Despite constant attempts by analysts and the media to complicate the basics of investing, there are really only three ways a stock can create value for its shareholders:                                                     

  1. Dividends.
  2. Earnings growth.
  3. Changes in valuation multiples.

In this series, we drill down on one company's returns to see how each of those three has played a role over the past decade. Step on up, Coca-Cola (NYSE: KO).

Coke shares have returned 95.6% over the past 10 years. How'd it get there?

Dividends accounted for about half of the total. Without dividends, Coke shares returned 51% over the past decade.

Earnings growth made up a good chunk, with normalized earnings per share growing at an average rate of 7% a year over the past 10 years.

But what really stands out is the change in Coke's P/E ratio:

Source: S&P Capital IQ.

Simply put, while Coke's earnings have risen substantially, the amount the market is willing to pay for those earnings has declined over the past decade. The same has been true for rival PepsiCo (NYSE: PEP). Most of this is due to general market overvaluation 10 years ago -- at a lofty 35 times earnings in 2001, the multiple was bound to contract.

The question now is what happens going forward. Despite the slump, Coke shares aren't exactly cheap at a current multiple of 24 times normalized earnings. The company typically commands a premium multiple, and today's valuation seems to be near the high end of what investors should consider sustainable. This is still a high-quality company likely to generate consistent earnings growth going forward, but investors shouldn't expect any expansion of the earnings multiple to generate returns.
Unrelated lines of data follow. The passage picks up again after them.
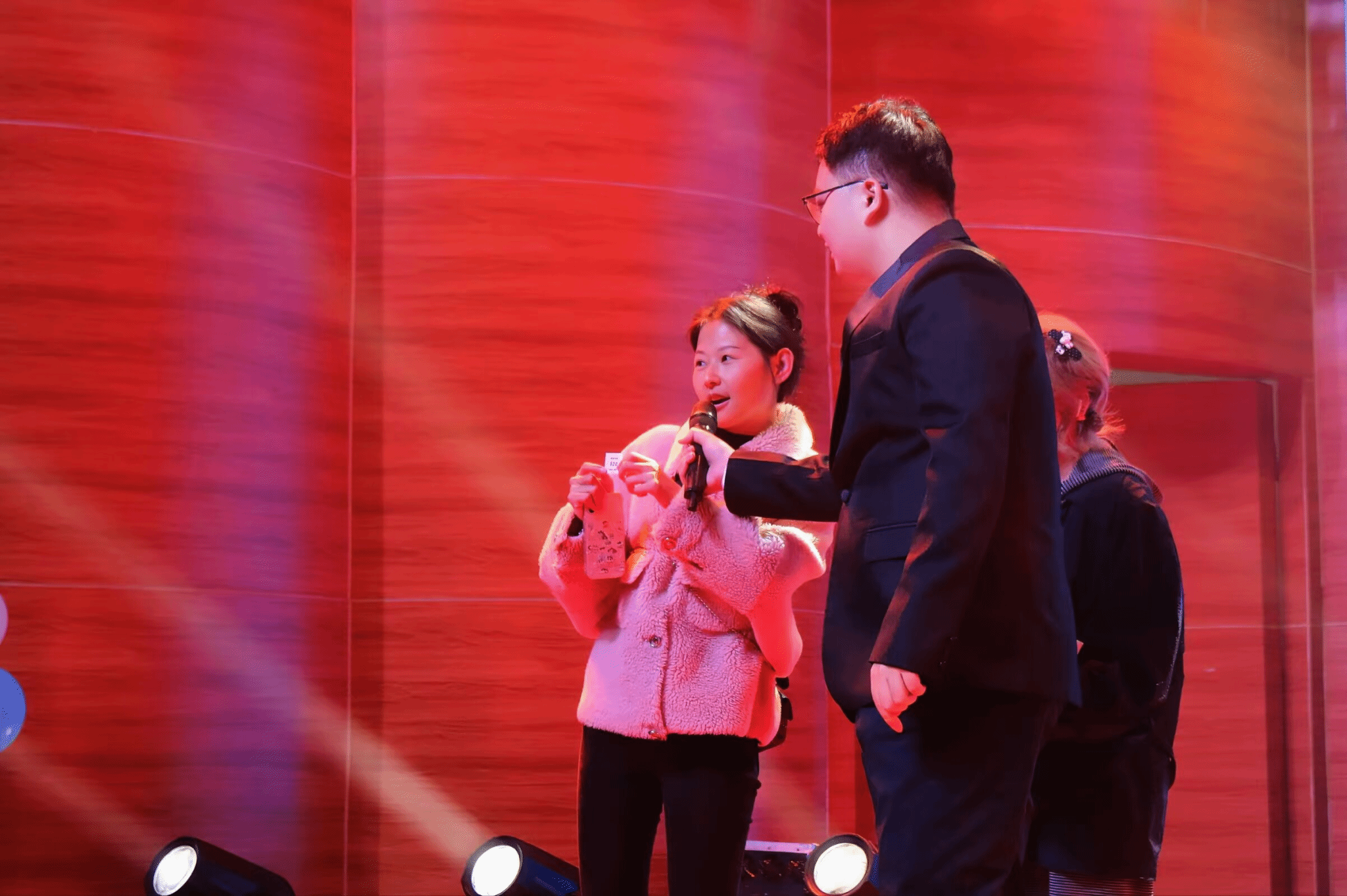 为增加赛事的趣味性与多元性,特设置了抽奖环节,现场随机选取观众拿抽奖卷,共40位幸运观众现场获得精美礼品。由徐秋逸老师组织的beat365中国唯一官网侗族大歌非遗培训班带来的《侗歌声声唱给党》非遗节目,深受现场观众青睐,这一独具特色的表演不仅为舞台增添了别样的文化韵味,更借非遗之美传递出对祖国的诚挚美好祝福。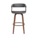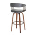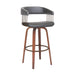 Topanga 30.5" Swivel Walnut Wood Bar Stool in Gray Faux Leather with Golden Bronze Metal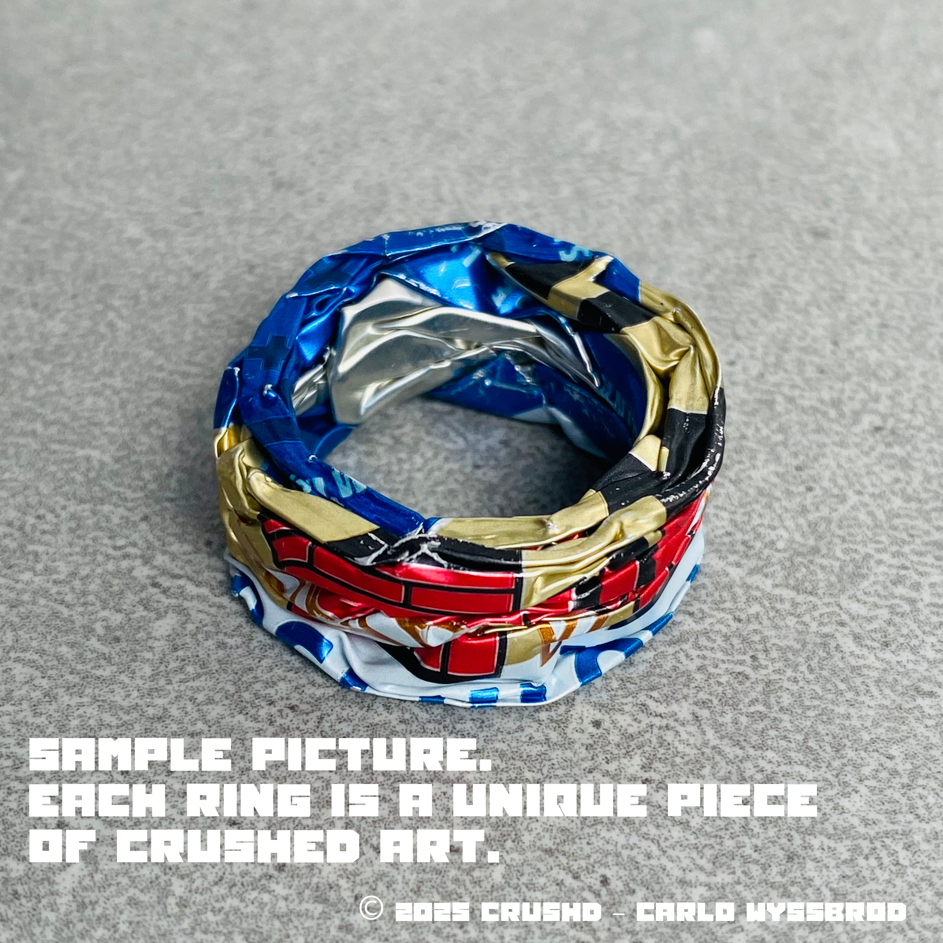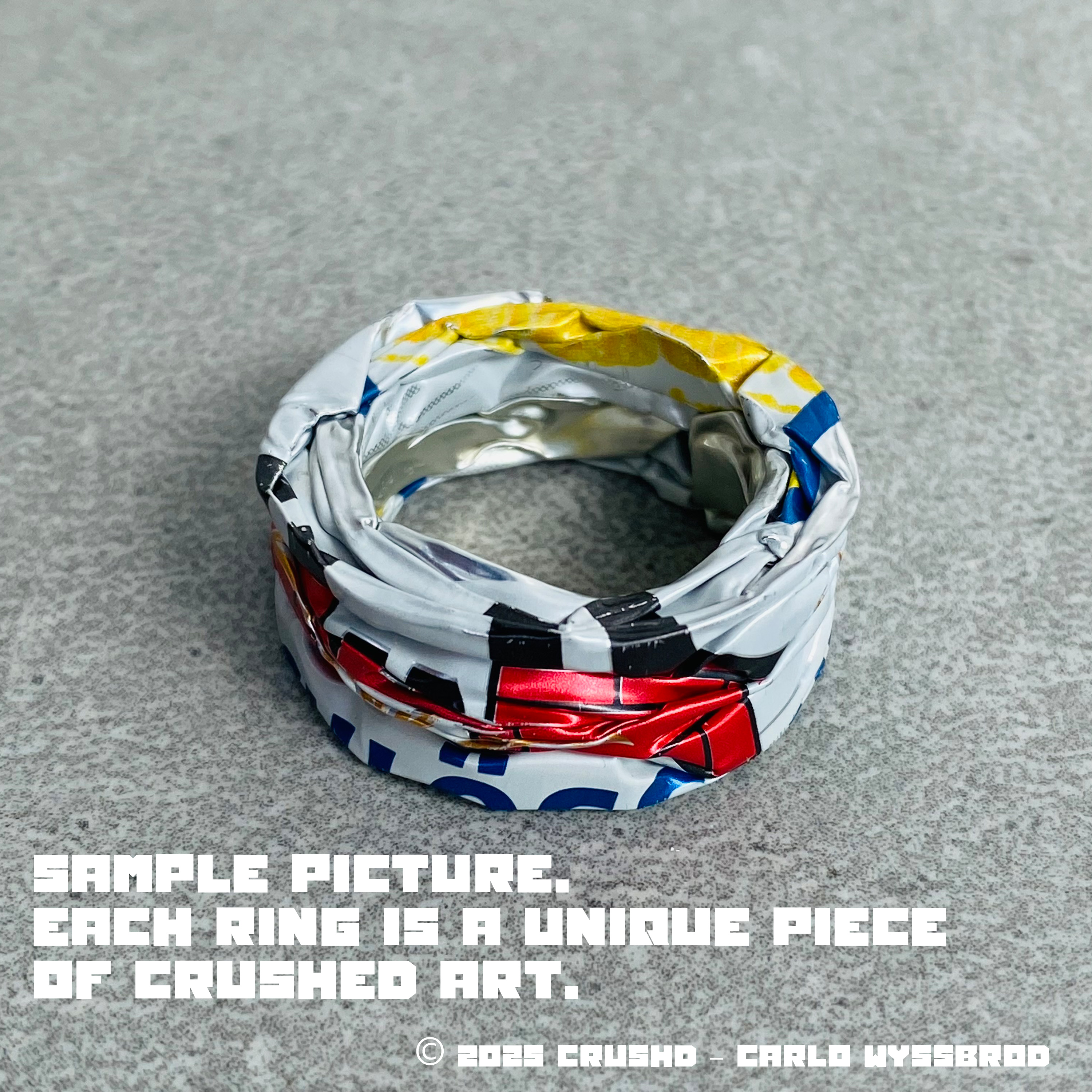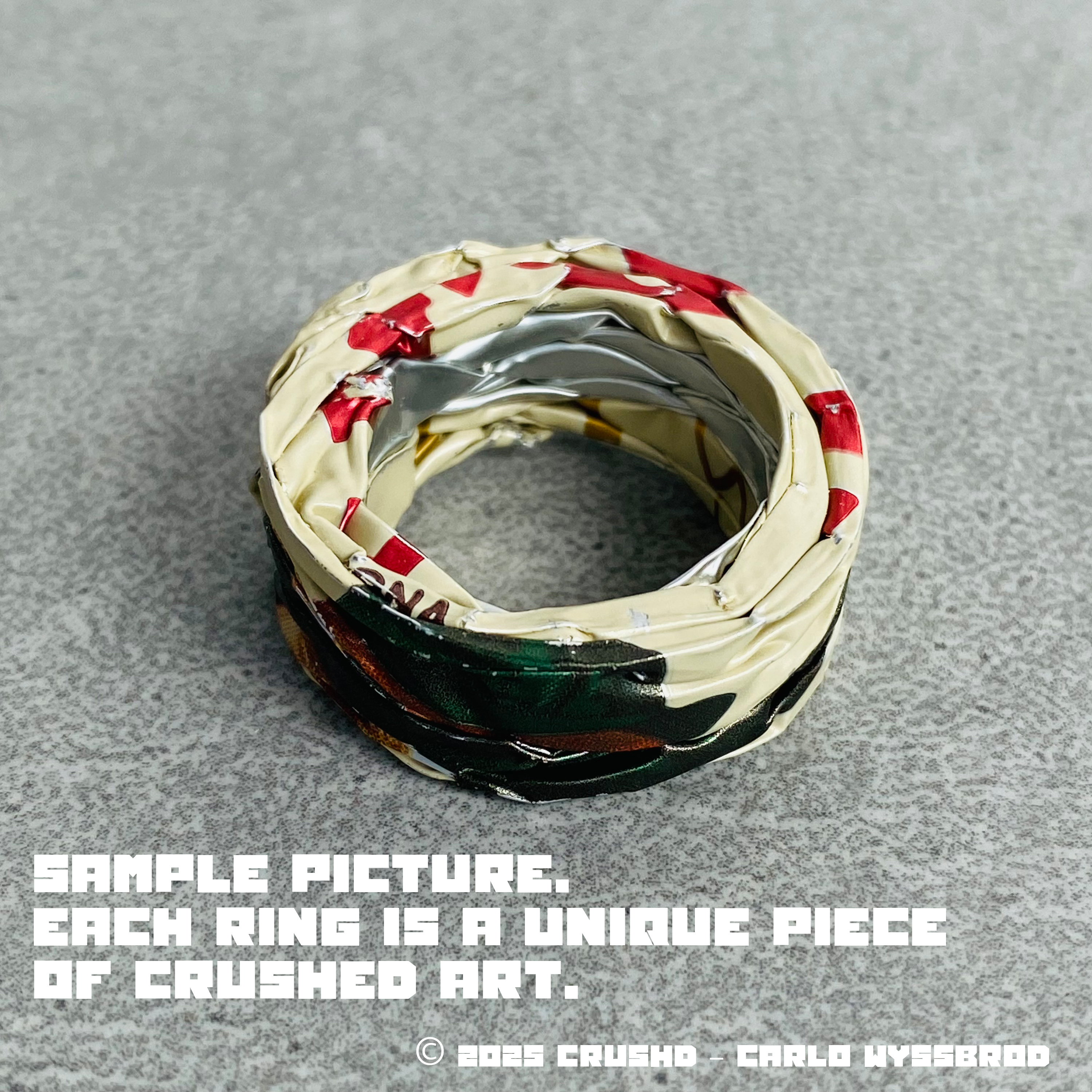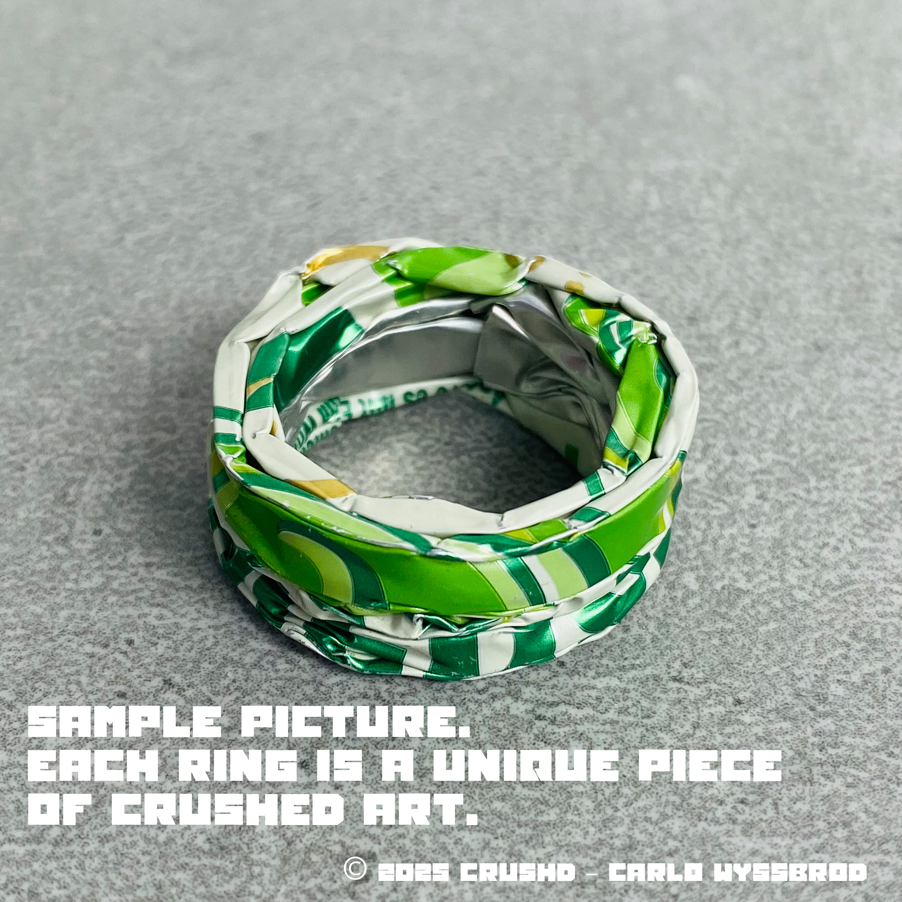 Each ring is pressed from raw, upcycled aluminum and left completely untouched — unpolished, unprocessed, and full of character. This preserves the authentic texture, unique imperfections, and vibrant identity of the original can.

Why is this stuff worth paying attention to? It's important to know not only how much a stock has returned, but where those returns came from. Sometimes earnings grow, but the market isn't willing to pay as much for those earnings. Sometimes earnings fall, but the market bids shares higher anyway. Sometimes both earnings and earnings multiples stay flat, but a company generates returns through dividends. Sometimes everything works together, and returns surge. Sometimes nothing works and they crash. All tell a different story about the state of a company. Not knowing why something happened can be just as dangerous as not knowing that something happened at all.